This legislation simplifies the law regarding open meetings and open records by eliminating ambiguities and incorporating judicial interpretations of the law. This legislation clarifies the definition of a “meeting” and requires that all final votes be taken in an open session. If an action is taken during an illegal meeting, a suit to void that action may be brought within six months. The use of meetings by telephone for local governments is limited. Likewise, this legislation defines an “executive session” as a portion of meetings lawfully closed to the public.
Under the open records provisions, data and data fields are now considered to be “records.” An agency may designate an open records officer to whom requests should be directed. Fees for copying records are reduced from $.25 per page to $.10 per page. Requests for records may be oral or written, but only written requests are subject to criminal and civil enforcement proceedings and penalties.

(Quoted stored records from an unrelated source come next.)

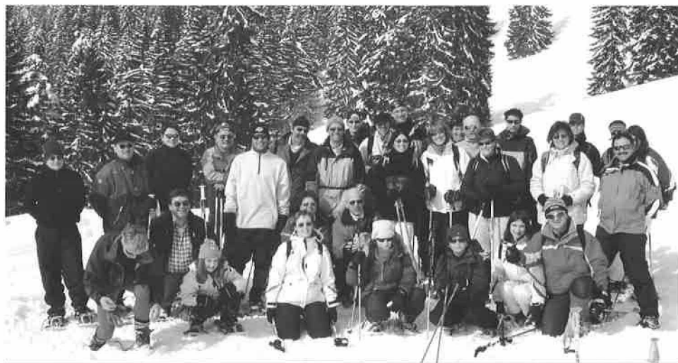
Sortie en raquettes de la FSG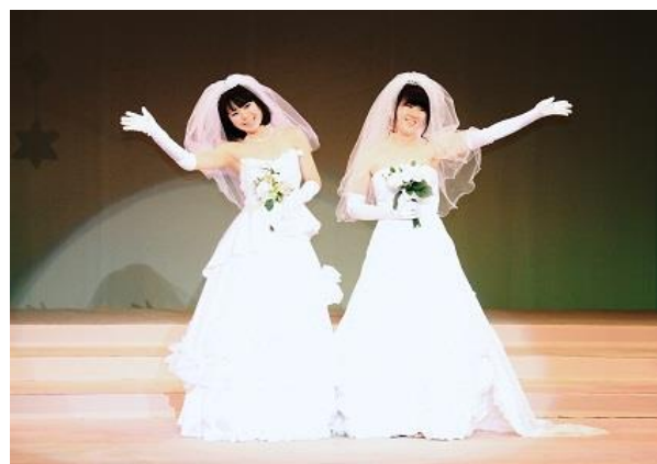
<ファッションショー>

服飾に関する基礎的、専門的知識と技術を身に付けるとともに、豊かなファッション感覚を養い、新しい時代に即応できる創造力と実践力を育てます。ファッション創造科は、保育に関する知識・技術を身に付けることもできます。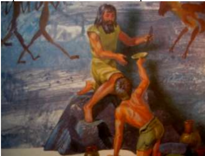
Они научились рисовать прежде чем писать.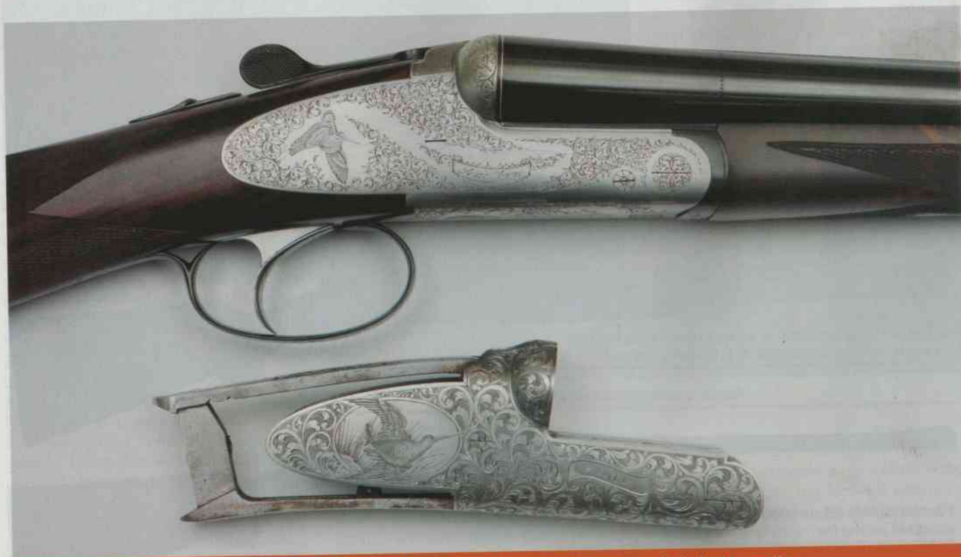
Lato destro della bascula della doppietta calibro 20 e, sotto, della calibro 28. Tutti i calibri hanno bascula dedicata, eccetto il .410 che sfrutta la bascula 28.

Dopo l'espansione e il rinnovamento tecnologico degli anni Ottanta, che portò molte botteghe artigiane del bresciano ad assumere nuova struttura e tecnologie avanzate con la produzione in piccole serie, prevalentemente improntate alla produzione di sovrapposti, i laboratori artigiani del mondo armiero si sono note-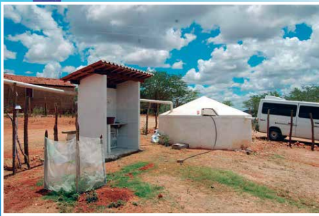
Projeto da UFCG constrói casas ecológicas para a população do Semiárido paraibano. PÁGINAS 7 E 8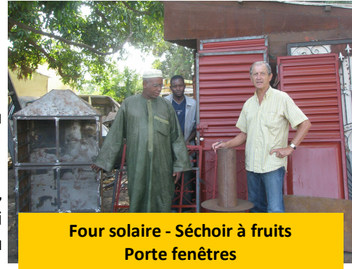
Four solaire - Séchoir à fruits Porte fenêtres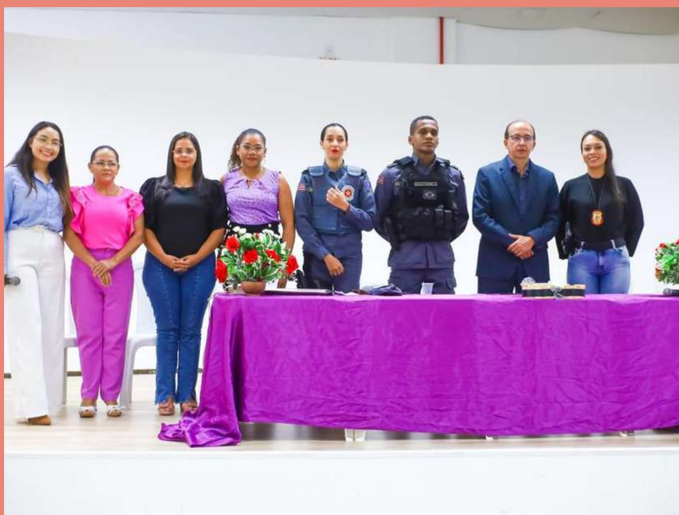
Mesa formada para o evento alusivo ao “Agosto Lilás”, em Santa Helena -MA.

The exemptions from disclosure are clarified. The time period during which records related to the hiring of a president of a unit of the University System of Georgia must be available to the public is shortened from 14 days to 5 days. The attorney-client privilege and work product is broadened. New exemptions include records pertaining to the rating plans or proprietary information used to administer liability insurance or self-insurance to any agency, as well as Department of Economic Development documents pertaining to economic development projects. The economic development projects are exempt only until the project is secured by a binding commitment. Finally, records related to a training program, disclosing an economic development project prior to a binding commitment having been secured, are exempt.
Civil and criminal penalties are imposed for violations of the open meetings and open records acts.